伸びをしつつぐるりと視線を廻らす。紅蓮と紅輝はいる。だが、いつも起こしてくれている連夜がいない。


「珍しい・・・寝坊でもしたのかな」


昨日の騒ぎをまったく知らない優香は、自分の言葉に納得して着替える。


「さ~て。朝食朝食」


軽い足取りで部屋から出る。と


「なっなんじゃこりゃ」


刹那、我が目を疑った。優香の目の前には穴だらけになった廊下と、粉々に砕けて元がなにかわからない物が散乱していた。さらに


「克弥っ。何でこんなとこで寝てんのさ」


仰向けに倒れている克弥を小突く。いくら初夏だからといってこんなとこで寝てたら風邪を引く。


「わ~、穴だらけ。修理費が心配になるなぁ。あっ、おはよう。優香ちゃん」


「美麗。もう少し緊張感を持とうよ。おはよ、優香」


部屋から出てきたのは美麗と優也の二人だ。優香は満面の笑みを浮かべて


「おはよう。美麗ちゃん。優也」


克弥を引きずり美麗達の元へ穴を避けて走り寄る。


「ぅ~ん?・・・・・ここは・・・ってなんじゃこりゃ!!」


「起きるなり騒がしい奴だな」


克弥は目の前の惨状を何度も見回して深呼吸をする。


「そうか。これは夢なんだ。あぁ、そうに決まってる」


ぶつぶつ独り言を言いながら頬をつねったり頭を振ったり目を閉じたり。


「よし。目を開けよう。そしたら・・・・」


克弥が目を開けた。そこには変わらず変わり果てた廊下が。


「――――――――――夢じゃ・・・・・ない」


「現実逃避は終わったかな?チャラ男君」


「美麗。ちゃんと名前呼んであげよ「そんな事はどうでもいいから朝食食いに行こう」


脳内の八割以上がすでに朝食で一杯の優香。その言葉を合図に一同は食堂へと歩き出した。

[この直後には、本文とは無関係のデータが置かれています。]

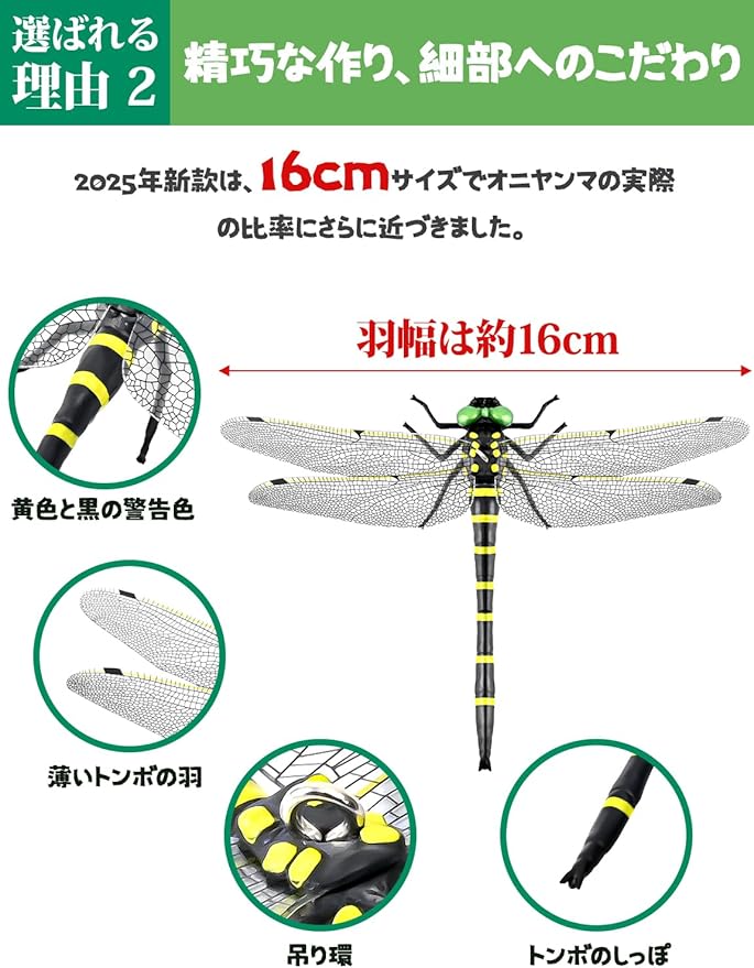 【本物に忠実なデザイン】オニヤンマは、外観と細部において本物のオニヤンマを精密に再現しています。羽の幅は約16cm、長さは約11cmで、手彩色で塗装された完成品です。リアルなサイズ、色、構造が、まるで本物のオニヤンマが目の前にいるかのような印象を与えます。

「はよっ。優香、美零、優也・・・・・・・・・克弥」「その間はなんだっ!三枚におろして食うぞコラ」


「ヒィッ」


「いや。突っ込むとこはそこじゃない気が・・・どうしたの?その怪我」


昨日より竜也の体に巻いてある包帯の箇所が増えている気がする。気のせいか?竜也は苦笑を浮かべているだけで答えない。


「朝っぱらからテンション高いね。ふぁ~ぁ眠」


凪が眠そうに目を擦る。私の勘違いかもしれないが、いささか・・・・・いや訂正。かなり不機嫌みたいだ。


「寝不足かい?」


美麗が紅茶かコーヒーをそれぞれに配りながら問うと、凪が竜也の方を一瞥して


「まぁね。どっかの馬鹿共の馬鹿騒ぎのせいで」


竜也は表情かおを強張らせて申し訳なさそうに凪を見る。


「そういえば連夜見なかった?部屋にいなくてさ」


竜也が意味ありげな視線を凪へと流す。凪は竜也の視線に気づき、睨みつける。まるで(余計な事言うんじゃねぇぞ。あ゛?)と脅迫してるみたいだ。おっかね~。


「おっはよ~魅希の克、竜、優、守弥、優香、美零、燈架」


滅茶苦茶騒がしい奴が来た。しかも今日も一段と派手な格好だ。


「おはよう、魅希さん。コーヒーと紅茶どっちにする?」


「今日美麗が当番だっけ?コーヒーでミルクた~っぷり」


「妙に機嫌良くない?不気味なんだけど。何かの前兆?」


「その言い方はちょっと酷いかな・・・内容的には同意見だけど」


優香と燈架がヒソヒソ話していると、後ろから優也が遠慮がちに


「二人とも・・・・飲み物のおかわりいる?」


「私はいいや」


「私は紅茶をもう一杯お願い出来るかな?」


「わかった」


優也は優香のコップに紅茶を注ぐ。優香はお礼に言いつつ紅茶を口に含む。そこへ


「ぉはよ、皆」


「「失礼ですが、どなたですか?」」


一糸乱れず問いかける。服装と声から推測するに多分連夜だ。だが、頬が腫れているせいで確信がもてない。それに加え瞳が死んでる。この世の果てを見ちゃいました、的な?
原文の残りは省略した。